Hermann Göring war Bettina Görings Großonkel, doch der etwas verzerrte Stammbaum der Görings stellt für den interessierten Leser sogleich eine erste Herausforderung dar. Hermann Görings ältester leiblicher Bruder war nämlich mit der Tochter einer deutlich älteren Halbschwester verheiratet. Diese beiden waren schließlich Bettina Görings Großeltern. Klingt kompliziert und ist es auch, doch mit Hilfe des im Anhang befindlichen Familienstammbaums wird es der Leser nach einigen Kapiteln verstanden haben. Unterstützt wurde Bettina Göring bei ihrem Buchprojekt von Melissa Müller, einer österreichischen Journalistin und Schriftstellerin, die mit ihren Büchern über Anne Frank oder Traudl Junge, Hitlers Sekretärin, bereits signifikante Berührungspunkte mit der Epoche und dem betroffenen Umfeld hatte. Recherchen in Print- und Online-Medien zufolge hat Bettina Göring diese Aufarbeitung ihrer Familiengeschichte schon einige Jahre mit sich herumgetragen. Offensichtlich ist das vorliegende Buch das Endergebnis eines längeren Prozesses, den Bettina Göring für sich erfolgreich durchlaufen hat.

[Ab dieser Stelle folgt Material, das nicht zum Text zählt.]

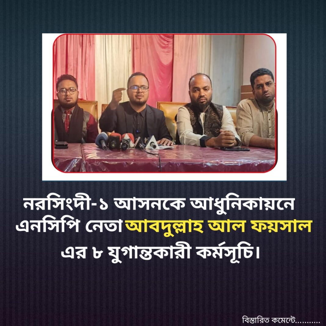নরসিংদী সদরকে একটি আধুনিক নগরী হিসাবে গড়ে তুলতে প্রযুক্তি নির্ভর করে এবং সদরে কর্মসংস্থান সৃষ্টির মাধ্যমে একটি স্বনির্ভর নরসিংদী গড়ার প্রত্যাশা ও চিকিৎসা সেবাকে জনগণের দোরগোড়ায় পৌঁছাতে জাতীয় নাগরিক পার্টি-এনসিপি এর কেন্দ্রীয় যুগ্ম মুখ্য সংগঠক ও নরসিংদী-১ আসনে সংসদ সদস্য পদপ্রার্থী আব্দুল্লাহ আল ফয়সাল এর সাংবাদিকদের সাথে মতবিনিময় সভার আয়োজন করা হয়েছে ৩ ডিসেম্বর সন্ধ্যায় শহরের একটি রেস্টুরেন্টের হলরুমে।

Die beiden Autorinnen haben sich dagegen entschieden, eine lineare und chronologische Erzählung der Familiengeschichte der Görings vorzunehmen. Stattdessen versucht Bettina Göring den gesamten Komplex ihres eigenen Lebens behutsam aufzubauen, um an den geeigneten Stellen in die jeweils relevanten Jahrzehnte zu verzweigen. Dabei reichen die Rückschauen zurück bis ins 19. Jahrhundert. Schwerpunkte sind Bettina Görings eigene Lebensgeschichte und ihr Umgang damit sowie die Auswirkungen von Hermann Görings skrupelloser Nazi-Karriere auf diejenigen Menschen, die für die im Jahre 1956 geborene Protagonistin relevant waren. Dabei arbeitet sich Bettina Göring vor allem an ihren Eltern ab, die keine glückliche Ehe führten, sowie an ihrer Großmutter Ilse, die bekanntermaßen Schwägerin und Halbnichte Hermann Görings war.
Als Bettina Göring das Licht der Welt erblickte, lag Hermann Görings Suizid bereits ein Jahrzehnt zurück. Der Schatten, den Hermann Göring über seine Familie brachte, lastete somit weniger auf Bettina Göring, sondern in besonderer Schwere auf ihrem Vater und ihrer Großmutter. Die Auswirkungen auf Bettina Göring waren dementsprechend indirekter Natur, zu schaffen machten ihr vor allem der unstete Charakter des Vater, die Alkoholprobleme der Mutter und die Kälte der Großmutter. "Der gute Onkel" verdeutlicht auf eindrucksvolle Art und Weise, wie Bettina Göring nach Jahren der Flucht vor sich selbst und ihrer Familie mitsamt dem mehrjährigen Leben in Bhagwans Ashrams in Indien und den USA letztendlich einen sicheren Hafen und Stabilität im Leben gefunden hat.